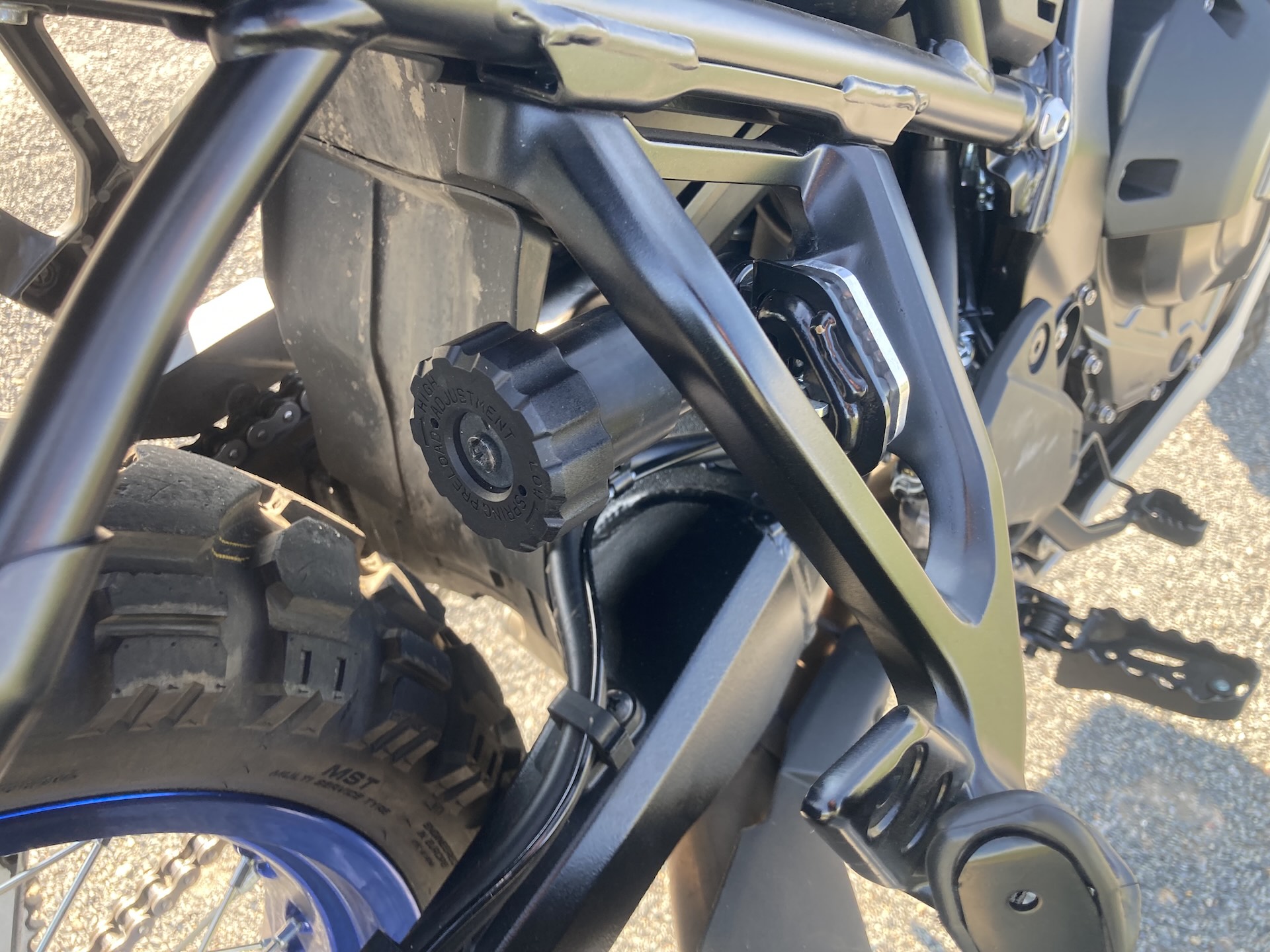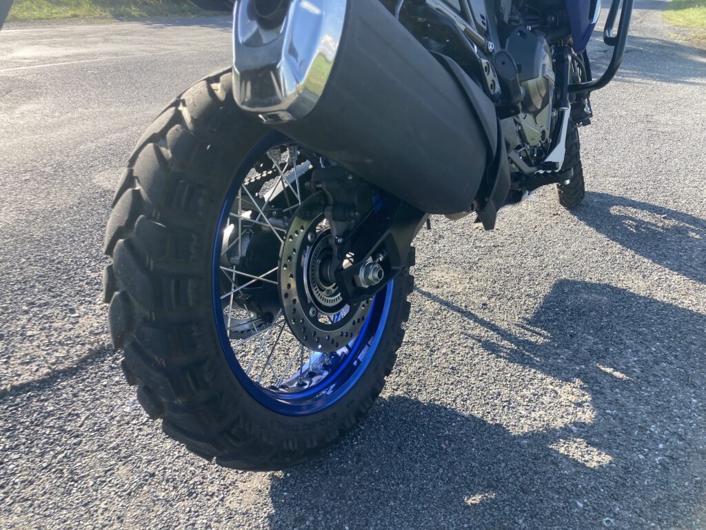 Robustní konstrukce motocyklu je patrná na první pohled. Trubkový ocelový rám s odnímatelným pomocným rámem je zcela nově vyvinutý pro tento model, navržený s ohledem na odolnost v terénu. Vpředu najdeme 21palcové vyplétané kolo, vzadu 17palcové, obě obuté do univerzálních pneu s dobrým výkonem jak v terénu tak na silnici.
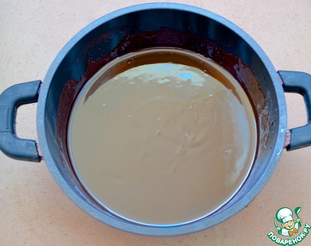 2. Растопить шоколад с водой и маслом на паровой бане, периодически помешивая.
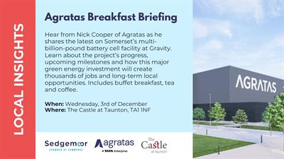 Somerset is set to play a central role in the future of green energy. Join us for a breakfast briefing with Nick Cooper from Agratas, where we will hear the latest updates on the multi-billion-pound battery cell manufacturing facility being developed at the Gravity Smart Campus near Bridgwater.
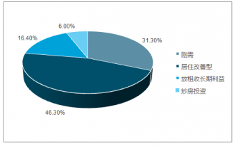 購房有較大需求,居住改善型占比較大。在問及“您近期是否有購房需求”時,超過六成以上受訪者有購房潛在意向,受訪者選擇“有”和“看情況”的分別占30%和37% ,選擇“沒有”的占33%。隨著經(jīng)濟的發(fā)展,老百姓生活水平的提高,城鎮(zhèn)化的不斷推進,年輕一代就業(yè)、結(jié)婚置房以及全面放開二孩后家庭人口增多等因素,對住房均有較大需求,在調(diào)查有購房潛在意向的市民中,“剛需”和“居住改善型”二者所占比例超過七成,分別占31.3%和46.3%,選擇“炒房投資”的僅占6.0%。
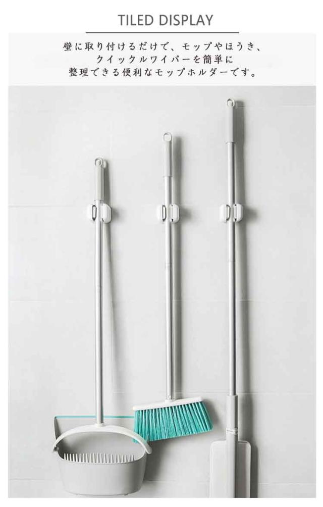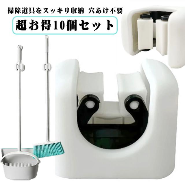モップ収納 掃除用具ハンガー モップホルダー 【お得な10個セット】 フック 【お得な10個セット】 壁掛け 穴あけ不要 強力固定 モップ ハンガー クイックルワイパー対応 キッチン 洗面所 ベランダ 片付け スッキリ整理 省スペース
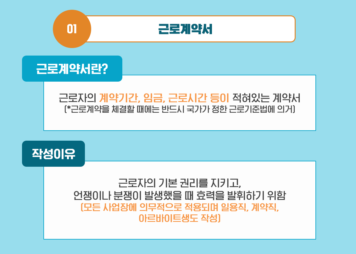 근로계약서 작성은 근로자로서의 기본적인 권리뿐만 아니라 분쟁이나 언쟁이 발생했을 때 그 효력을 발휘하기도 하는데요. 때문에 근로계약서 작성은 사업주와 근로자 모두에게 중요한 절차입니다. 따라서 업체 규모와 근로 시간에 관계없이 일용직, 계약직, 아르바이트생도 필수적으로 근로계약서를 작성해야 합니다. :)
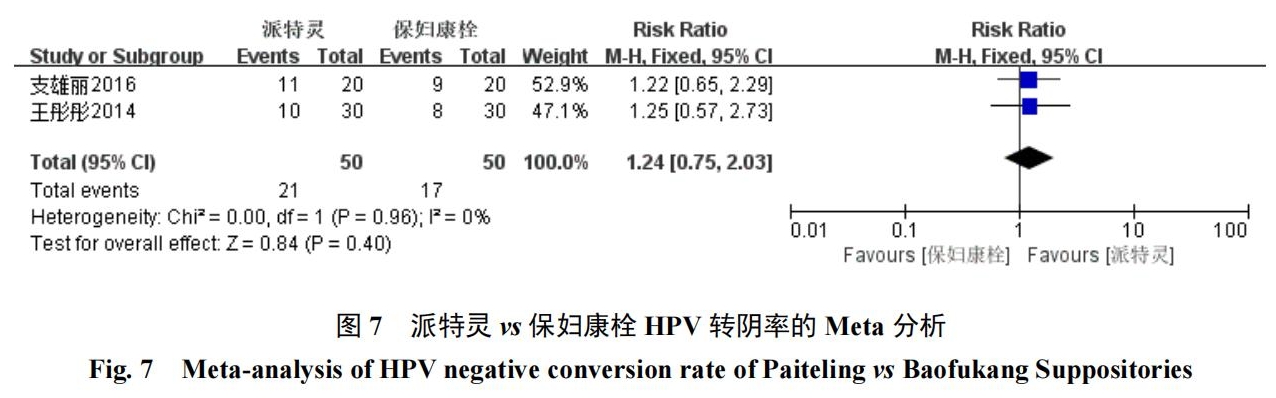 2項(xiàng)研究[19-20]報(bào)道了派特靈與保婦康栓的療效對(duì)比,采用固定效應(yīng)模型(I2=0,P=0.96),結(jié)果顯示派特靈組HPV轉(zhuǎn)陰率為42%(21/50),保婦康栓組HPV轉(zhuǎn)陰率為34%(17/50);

> **YOUR INSTRUCTIONS**
Give back exactly the lines from the line with "モップ収納 掃除用具ハンガー モップホルダー" through the end of the material above, and omit every picture.

> **OUTPUT BELOW**
モップ収納 掃除用具ハンガー モップホルダー 【お得な10個セット】 フック 【お得な10個セット】 壁掛け 穴あけ不要 強力固定 モップ ハンガー クイックルワイパー対応 キッチン 洗面所 ベランダ 片付け スッキリ整理 省スペース
 근로계약서 작성은 근로자로서의 기본적인 권리뿐만 아니라 분쟁이나 언쟁이 발생했을 때 그 효력을 발휘하기도 하는데요. 때문에 근로계약서 작성은 사업주와 근로자 모두에게 중요한 절차입니다. 따라서 업체 규모와 근로 시간에 관계없이 일용직, 계약직, 아르바이트생도 필수적으로 근로계약서를 작성해야 합니다. :)
 2項(xiàng)研究[19-20]報(bào)道了派特靈與保婦康栓的療效對(duì)比,采用固定效應(yīng)模型(I2=0,P=0.96),結(jié)果顯示派特靈組HPV轉(zhuǎn)陰率為42%(21/50),保婦康栓組HPV轉(zhuǎn)陰率為34%(17/50);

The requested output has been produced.